▶ **HOW TO COMPLETE THIS TASK**: Output each record exactly as given. Leave out every picture.

Start of RECORDS FOR THE EXERCISE

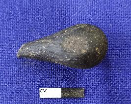 | Description / विवरण | A handmade terracotta stopper made with fine clay having broken tip and rounded base. The surface of the object is smooth and black in colour. |
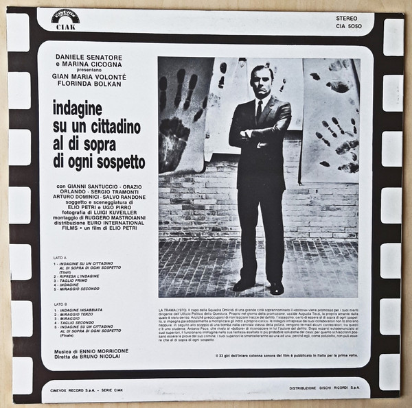 € 28.50 Media: Very Good Plus (VG+)Hoes: Good Plus (G+)Ennio Morricone – Indagine Su Un Cittadino Al Di Sopra Di Ogni Sospetto (Colonna Sonora Originale Del Film) (LP, Album, RE)
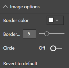 - In the Image options section you can change the border color, size and shape around your image.
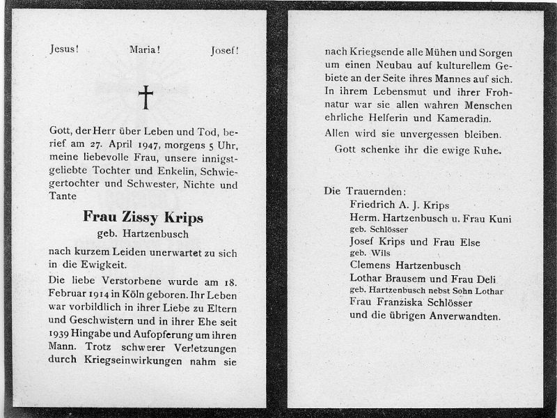 ∞ 1939 Friedrich A. J. Krips; schwere Verletzung durch Kriegseinwirkung im 2. Weltkrieg; nach dem Krieg Neubau auf kulturellem Gebiet an der Seite ihres Mannes |
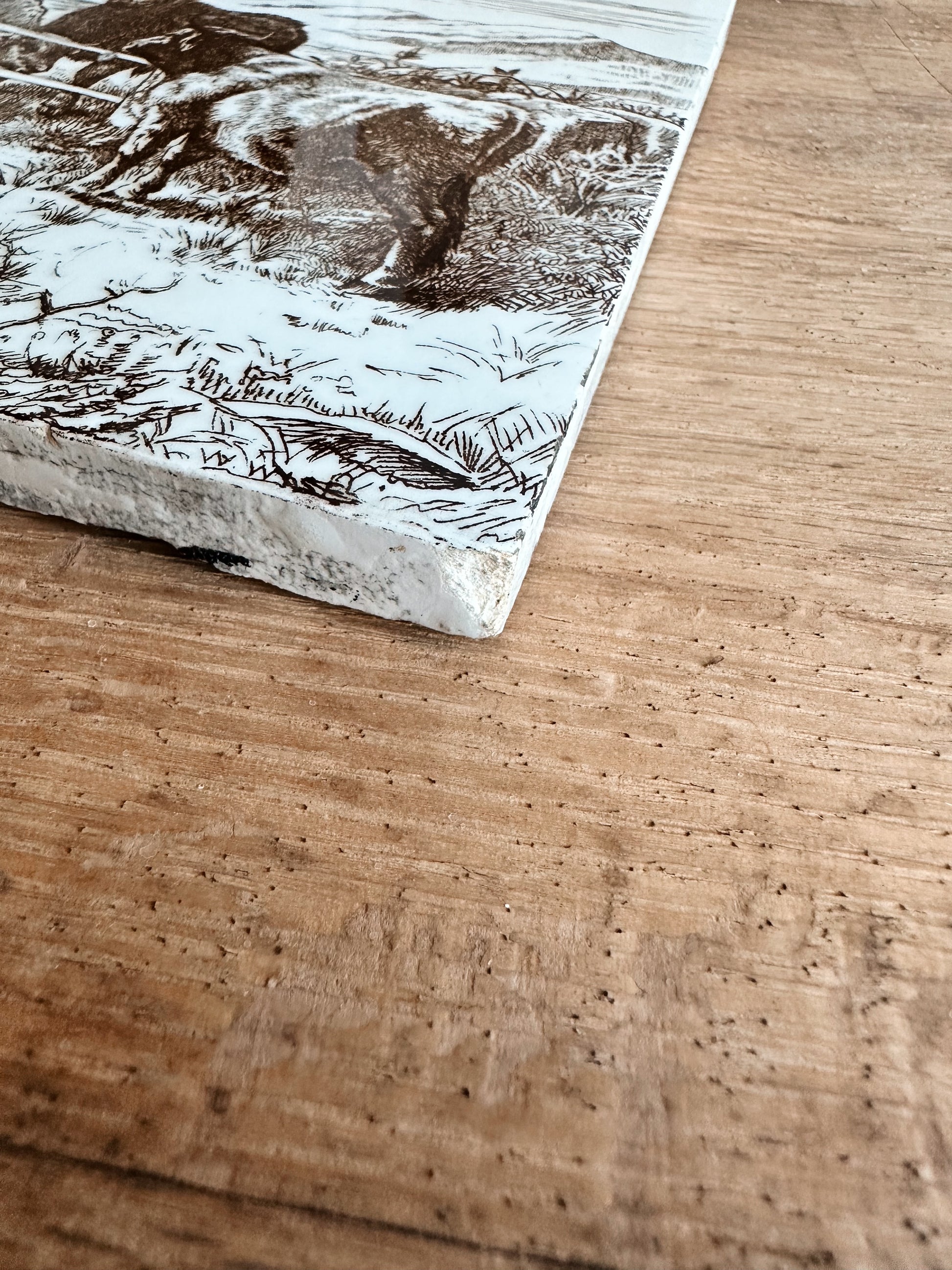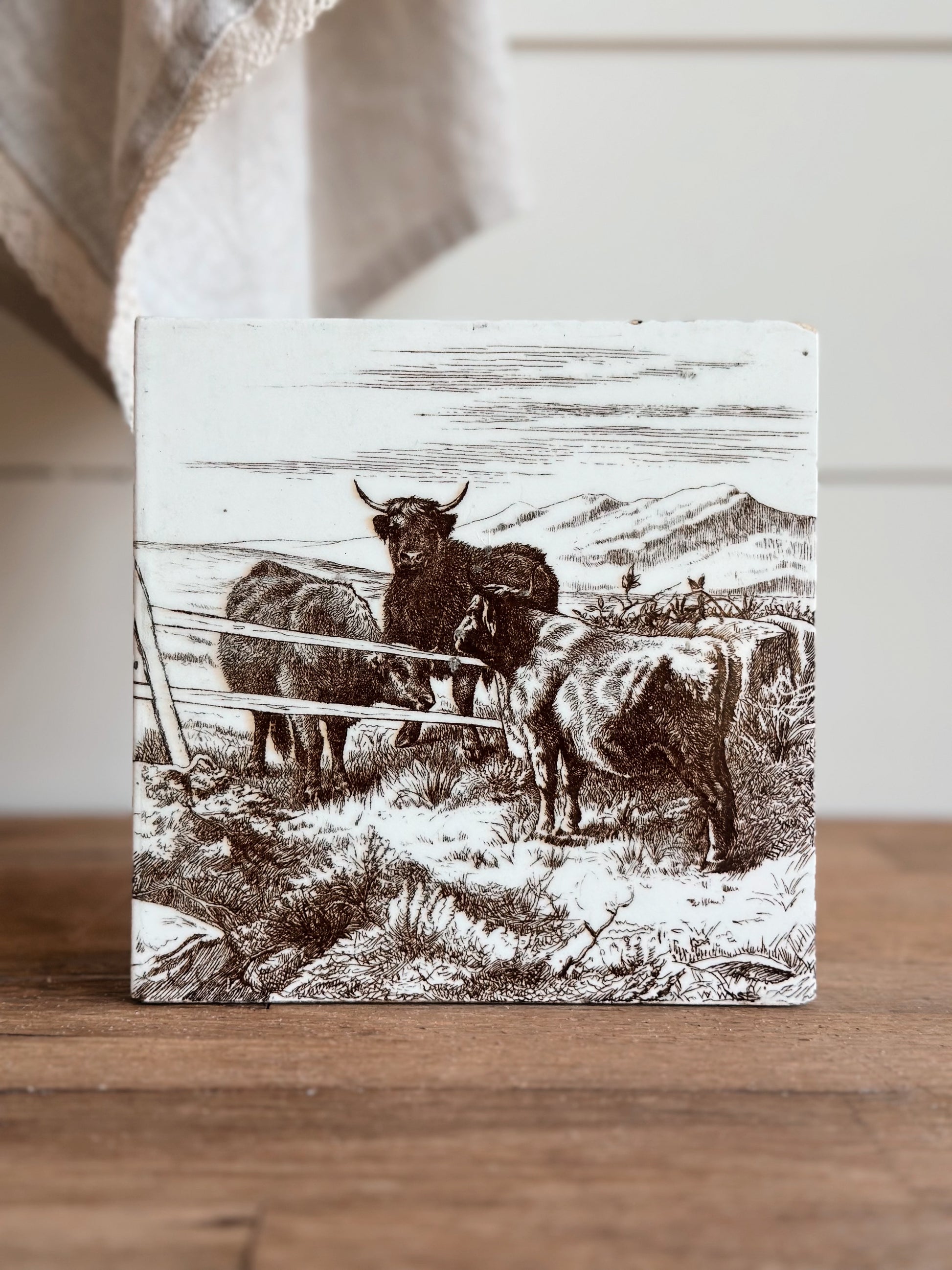 Antique MINTON William Wise Farm Animal Tile (bulls near fence)

End of RECORDS FOR THE EXERCISE

▶ **SOLVED PROBLEM**:
 | Description / विवरण | A handmade terracotta stopper made with fine clay having broken tip and rounded base. The surface of the object is smooth and black in colour. |
 € 28.50 Media: Very Good Plus (VG+)Hoes: Good Plus (G+)Ennio Morricone – Indagine Su Un Cittadino Al Di Sopra Di Ogni Sospetto (Colonna Sonora Originale Del Film) (LP, Album, RE)
 - In the Image options section you can change the border color, size and shape around your image.
 ∞ 1939 Friedrich A. J. Krips; schwere Verletzung durch Kriegseinwirkung im 2. Weltkrieg; nach dem Krieg Neubau auf kulturellem Gebiet an der Seite ihres Mannes |
 Antique MINTON William Wise Farm Animal Tile (bulls near fence)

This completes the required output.